= Susan Finger =

American engineer

Susan Finger is an American engineer whose research involves engineering design and additive manufacturing for mechanical engineering, bioengineering, and building engineering. She has held faculty positions at Carnegie Mellon University and leadership roles at the National Science Foundation. Her work includes research collaborations across multiple engineering disciplines as well as contributions to academic publishing and professional organizations.

==Education and career==
Finger has been a faculty member in the Department of Civil and Environmental Engineering at the Carnegie Mellon University, where she held the rank of professor.

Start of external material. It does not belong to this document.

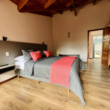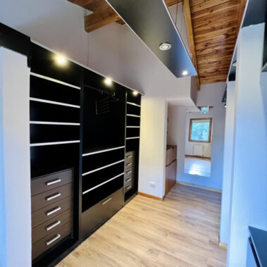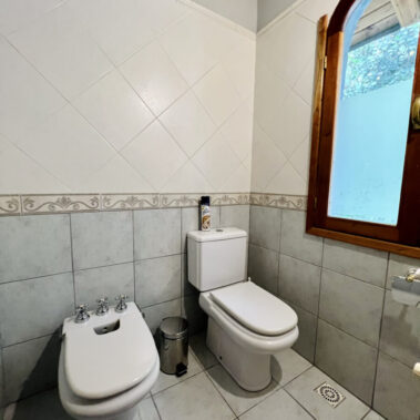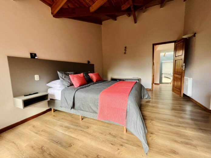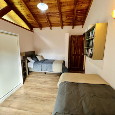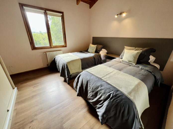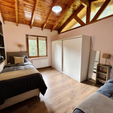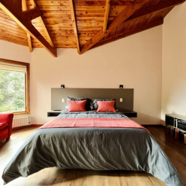 Esta espectacular casa tiene una capacidad máxima para 8 huéspedes. La propiedad cuenta con dos plantas. En la parte superior se pueden encontrar 3 habitaciones, dos de ellas con camas individuales y que comparten en la zona común un baño completo con bañadera. La habitación principal cuenta con una cama matrimonial, un gran vestidor y un baño.

She is currently serving as a project manager at the National Science Foundation and is on leave from Carnegie Mellon University.

She majored in astronomy, with a minor in medieval language and literature, at the University of Pennsylvania, graduating magna cum laude in 1972. She continued at the University of Pennsylvania for a master's degree in operations research in 1974, and completed a Ph.D. in electric power systems and civil engineering at the Massachusetts Institute of Technology in 1981.

She joined Boston University as an assistant professor in the Department of Manufacturing Engineering in 1981. She moved to the National Science Foundation as a program director for design theory and methodology in 1984, later becoming acting deputy division director. In 1987 she came to Carnegie Mellon University as a researcher in the Robotics Institute, and in 1991 she returned to a faculty position as assistant professor of civil engineering.

In CMU's Institute for Complex Engineered Systems, she became the founding director of the Engineering Design Research Lab. Alongside John R. Dixon, Finger co-founded the journal Research in Engineering Design, in 1989 and served as its first editor-in-chief.

==Recognition==
Finger was named an ASME Fellow in 2013, for "major contributions in the field of engineering design education and research".

== Collaborations ==
Finger has collaborated with researchers across many engineering disciplines. Her collaborative work has contributed to developments in areas such as additive manufacturing, bioengineering, and building engineering. Through these partnerships, she has co-authored scholarly publications and contributed to research that connects design theory with practical engineering applications.